PROVIDED ENTRIES.

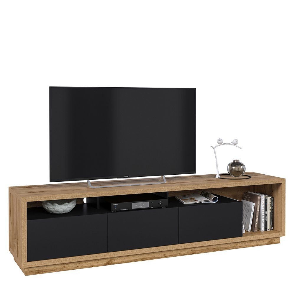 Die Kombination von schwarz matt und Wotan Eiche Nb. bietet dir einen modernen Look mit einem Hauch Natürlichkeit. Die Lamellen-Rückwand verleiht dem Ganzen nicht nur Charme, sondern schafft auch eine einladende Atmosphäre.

---

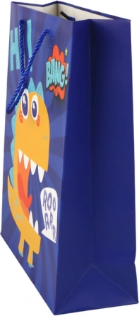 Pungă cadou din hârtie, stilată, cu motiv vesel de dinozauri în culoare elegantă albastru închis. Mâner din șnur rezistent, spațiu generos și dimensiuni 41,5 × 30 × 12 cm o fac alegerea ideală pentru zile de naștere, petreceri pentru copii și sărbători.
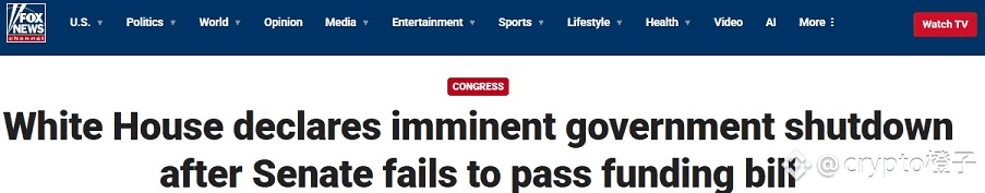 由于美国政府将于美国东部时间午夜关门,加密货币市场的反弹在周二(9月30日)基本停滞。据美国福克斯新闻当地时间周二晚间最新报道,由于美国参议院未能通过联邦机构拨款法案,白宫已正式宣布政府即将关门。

YOUR TASK.
In the records above, find the line with "Pungă cadou din" and the line with "由于美国政府将于美国东部时间". Write out exactly those lines and every one between, with no pictures and no other lines.

WRITTEN SOLUTION.
 Pungă cadou din hârtie, stilată, cu motiv vesel de dinozauri în culoare elegantă albastru închis. Mâner din șnur rezistent, spațiu generos și dimensiuni 41,5 × 30 × 12 cm o fac alegerea ideală pentru zile de naștere, petreceri pentru copii și sărbători.
 由于美国政府将于美国东部时间午夜关门,加密货币市场的反弹在周二(9月30日)基本停滞。据美国福克斯新闻当地时间周二晚间最新报道,由于美国参议院未能通过联邦机构拨款法案,白宫已正式宣布政府即将关门。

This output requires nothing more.